Flux/Wavelength: Spectra can tell us detailed properties of objects, such
chemical composition.
The spectroscopic data pipeline is designed to output these important quantities.
Like the imaging data, the spectroscopic data are processed by a large pipeline,
which takes the input CCD data and outputs completely processed spectra. The
first part of the pipeline applies corrections for detector problems and
characteristics. These corrections require a number of other pieces of data:
Flat field images: images that help determine how the telescope optics
and spectrograph respond to uniform light.
Arc lamps: emission line spectra of a well-understood excited gas
(like the neon in neon signs), which allows us to relate the position on
the image to wavelength.
Sky spectra: several fibers on each plate are devoted to blank sky;
these allow us to subtract off the background spectrum from the sky.
Standard stars: stars that have known properties, used to
relate the intensity we measure to proper flux units.
 |
 |
 |
flat field
|
arc lamp
|
science observation
|
Furthermore, a correction is made to account for the absorption of the
Earth's atmosphere (telluric correction) and the Doppler shift due to
the Earth's motion around the sun (heliocentric correction).
Once all these corrections are applied, the pipeline extracts
individual object spectra, and then produces a one-dimensional
spectrum (flux as a function of wavelength) for each object. These
one-dimensional spectra must be wavelength calibrated, their red and blue
halves must be joined, and then the spectra be identified.
The last task, spectral identification, is important but challenging.
The spectra of galaxies can vary greatly, and spectra for stars, quasars,
and other types of objects look different. Not only do the intrinsic
properties of these objects vary, but they can be at different redshifts,
meaning we see a different portion of their spectrum. To make sense of all these
spectra, the software first tries to find all the emission lines (spectral features
due to the emission of specific wavelengths of light from atoms or
molecules) and identify them. Then, the entire spectrum is matched against
a set of templates - standard spectra of different kinds of objects - that test
how well the spectrum matches each template at different redshifts.
The best match tells us what type of object we are looking at, and
simultaneously, the object's redshift.
|
A galaxy spectrum at four different redshifts
(0.0, 0.05, 0.10, 0.15, 0.20)
|
The Databases
Database Logical Design
The processed data are stored in databases. The logical database
design consists of photographic and spectrographic objects.
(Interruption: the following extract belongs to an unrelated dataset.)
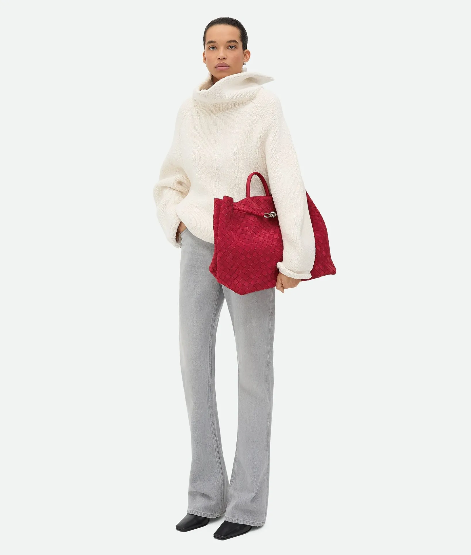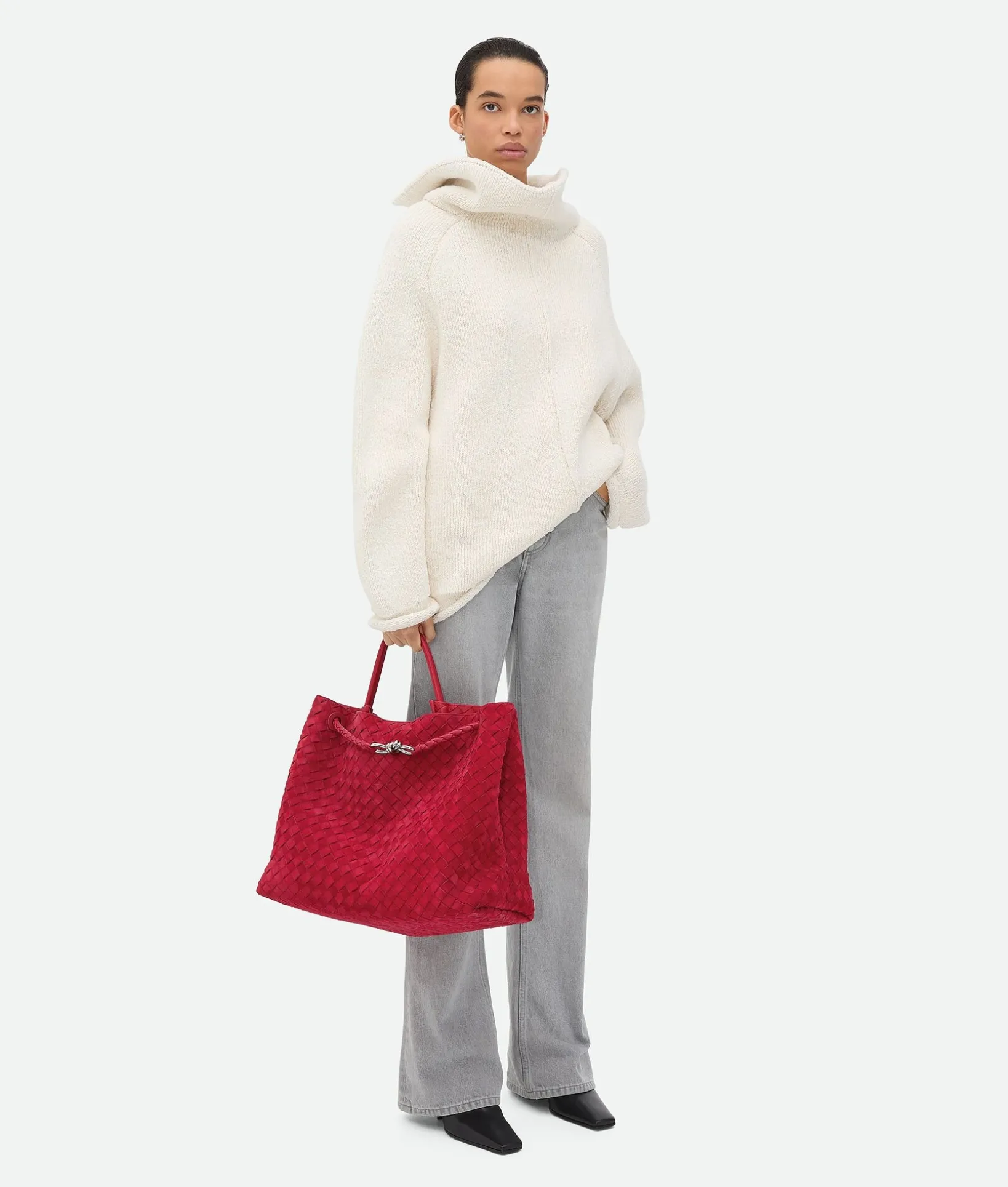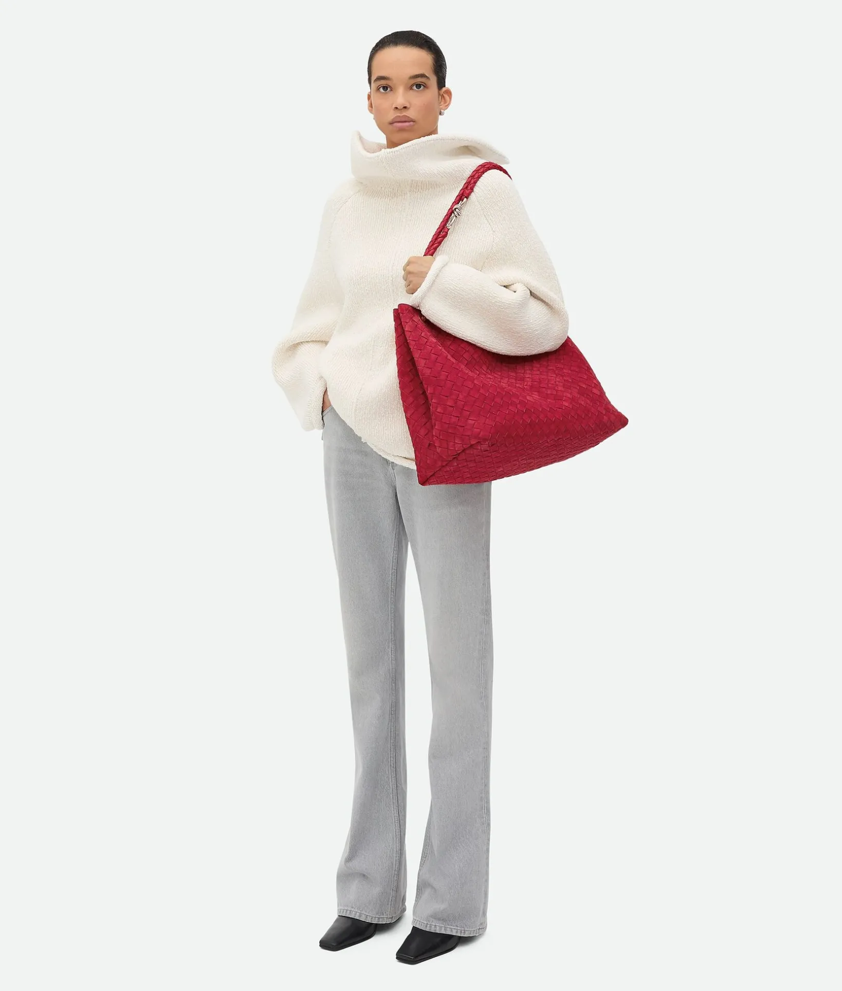 • Large Intrecciato suede top handle bag with sliding cross-body strap

They are organized into a pair of snowflake schemas. Subsetting
views and many indices give convenient access to the conventional
subsets (such as stars and galaxies). Procedures and indices are
defined to make spatial lookups convenient and fast.
 |
The database diagram for the
SDSS DR1 databases |
Since the data processing software underwent substantial changes
since the survey started, we are storing two different versions
of our processed images. First, we store the version of the processed
data frozen at the moment when the targets for spectroscopic observations
were selected. This database is called TARGDR1, where DR1 designates
the version number: Data Release 1.
When the data have been processed with the best available version of
the software, these objects are stored in the database BESTDR1.
The schema of the two databases is identical, and many of the objects
appear in both, but due to the better handling of the noise, the number
of objects in BESTDR1 is somewhat higher.
Database Physical Design
SkyServer initially took a simple approach to database
design – and since that worked, we stopped there. The
design counts on the SQL storage engine and query optimizer
to make all the intelligent decisions about data layout
and data access.
The total amount of data in the two databases is 818 GB, and the total
number of rows exceeds 3.4 billion.
Filegroups | BESTDR1 | TARGDR1 |
data | 1 | 200 |
PhotoOther | 18.1 | |
PhotoObjAll | 165.4 | |
PhotoTag | 78.1 | 73.7 |
PhotoTagIndex | 53.6 | |
PhotoObjIndex | 66.3 | |
PhotoObjProfile | 80 | |
PhotoObjMask | 22 | 17.2 |
SpecObj | 6 | |
Neighbors | 24.2 | |
Frame | 30 | 30 |
Log | 4.2 | 2 |
Total | 495.3 | 322.9 |
|
Count of records and bytes in major tables.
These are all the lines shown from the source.